4. Gifts Not Deductible. Making a gift does not ordinarily affect your federal income tax. You cannot deduct the value of gifts you make (other than deductible charitable contributions).
5. Forgiven and Certain Loans. The gift tax may also apply when you forgive a debt or make a loan that is interest-free or below the market interest rate.
6. Gift-Splitting. You and your spouse can give a gift up to $28,000 to a third party without making it a taxable gift. You can consider that one-half of the gift be given by you and one-half by your spouse.
 7. Filing Requirement. You must file Form 709, United States Gift (and Generation-Skipping Transfer) Tax Return, if any of the following apply:
You gave gifts to at least one person (other than your spouse) that amount to more than the annual exclusion for the year.
You and your spouse are splitting a gift. This is true even if half of the split gift is less than the annual exclusion.
You gave someone (other than your spouse) a gift of a future interest that they can’t actually possess, enjoy, or from which they’ll receive income later.
You gave your spouse an interest in property that will terminate due to a future event.

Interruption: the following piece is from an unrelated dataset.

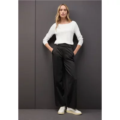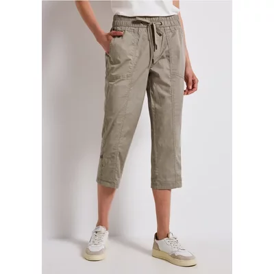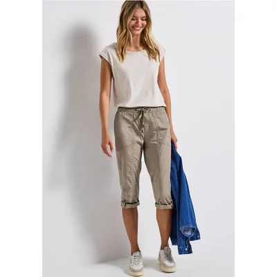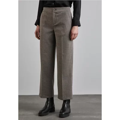 Street One Dames Geruite broek met wijde pijpen in Beige

What to Know about Late Filing and Late Paying Penalties

April 15 was the tax day deadline for most people. If you are due a refund there is no penalty if you file a late tax return. But if you owe tax, and you failed to file and pay on time, you will usually owe interest and penalties on the tax you pay late. You should file your tax return and pay the tax as soon as possible to stop them. Here are eight facts that you should know about these penalties.

1. Two penalties... may apply. If you file your federal tax return late and owe tax with the return, two penalties may apply. The first is a failure-to-file penalty for late filing. The second is a failure-to-pay penalty for paying late.
2. Penalty for late filing. The failure-to-file penalty is normally 5 percent of the unpaid taxes for each month or part of a month that a tax return is late. It will not exceed 25 percent of your unpaid taxes.
3. Minimum late filing penalty. If you file your return more than 60 days after the due date or extended due date, the minimum penalty for late filing is the smaller of $135 or 100 percent of the unpaid tax.
4. Penalty for late payment. The failure-to-pay penalty is generally 0.5 percent per month of your unpaid taxes. It applies for each month or part of a month your taxes remain unpaid and starts accruing the day after taxes are due. It can build up to as much as 25 percent of your unpaid taxes.
5. Combined penalty per month. If the failure-to-file penalty and the failure-to-pay penalty both apply in any month, the maximum amount charged for those two penalties that month is 5 percent.
6. File even if you can’t pay. In most cases, the failure-to-file penalty is 10 times more than the failure-to-pay penalty. So if you can’t pay in full, you should file your tax return and pay as much as you can. Use IRS Direct Pay to pay your tax directly from your checking or savings account. You should try other options to pay, such as getting a loan or paying by debit or credit card. The IRS will work with you to help you resolve your tax debt. Most people can set up an installment agreement with the IRS using the Online Payment Agreement tool on IRS DOT GOV 
7. Late payment penalty may not apply. If you requested an extension of time to file your income tax return by the tax due date and paid at least 90 percent of the taxes you owe, you may not face a failure-to-pay penalty. However, you must pay the remaining balance by the extended due date. You will owe interest on any taxes you pay after the April 15 due date.
8. No penalty if reasonable cause. You will not have to pay a failure-to-file or failure-to-pay penalty if you can show reasonable cause for not filing or paying on time. There is also penalty relief available for repayment of excess advance payments of the premium tax credit for 2014.